Meinung | Fels in der Brandung
Verdirbt Politik den Charakter?
MZ- Kolumnist Lutz Minkner über den jüngsten Korruptionsskandal, der die spanische Politik erschüttert

Der spanische Ministerpräsident Pedro Sánchez steht unter Korruptionsverdacht. / Kiko Huesca
Die spanische, regierende Linke kommt nicht zur Ruhe: Seit der gekauften Wahl von Regierungschef Sánchez kommen immer wieder Vorwürfe von Machtmissbrauch und Korruption ans Licht. Vorläufiger Höhepunkt ist die vom Obersten Gerichtshof Spaniens angeordnete Verhaftung des ehemaligen Verkehrsministers und (Noch-)Abgeordneten José Luis Abalos und seines windigen Beraters Koldo García. Während der Pandemie sollen sich beide mit Millionen-Deals im Zusammenhang mit Maskenkäufen bereichert haben. Mit einem umfangreichen politischen und wirtschaftlichen Netzwerk – die Untersuchungen richten sich auch gegen die ehemalige Ministerpräsidentin der Balearen Francina Armengol – sollen sie sich bei der Beschaffung von Schutzmasken durch überhöhte Preise und üppige Provisionen die Taschen voll gesteckt haben. Die Staatsanwaltschaft fordert für Abalos 24 Jahre Haft, für García 19,5 Jahre. Ähnliche Politskandale – wir erinnern uns an den ehemaligen Balearen-Präsidenten Jaume Matas – zeigen, dass Machtmissbrauch und Korruption keineswegs abhängig sind von der politischen Couleur, sondern durch Machtkonzentration und mangelnde Kontrolle aufblühen.
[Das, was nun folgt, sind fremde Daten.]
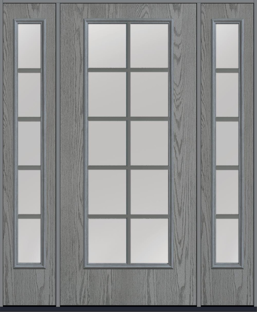 80" Clear Colonial 10 Lite SDL Oak Full Lite Fiberglass Single Door, Sidelites

Immer weniger Menschen vertrauen in die Politik
Verdirbt Politik den Charakter? In Umfrage von 2008 hielten nur sechs Prozent der Befragten den Beruf des Politikers als einen, der besondere Achtung verdiene. Nun, ich hatte in jüngeren Jahren tiefe Einblicke in die Kommunalpolitik. Dort habe ich viele Menschen kennengelernt, die sich auf einem soliden Wertefundament und überwiegend ehrenamtlich für die Interessen der Bürger ihrer Gemeinde eingesetzt haben. Es gab häufig Streit über den richtigen Weg, der in demokratischer Diskussion ausgetragen wurde. Aber es gab auch immer einige, deren Engagement geprägt war von Selbstsucht, von Karrieredenken, von Machtstreben. Diese Spezies traf sich in Hinterzimmern, schmiedete unheilvolle Koalitionen und waren plötzlich Wortführer in Parteien und Parlamenten. So kann man mit Johannes Rau sagen: Nicht die Politik verdirbt den Charakter. Schlechte Charaktere verderben die Politik.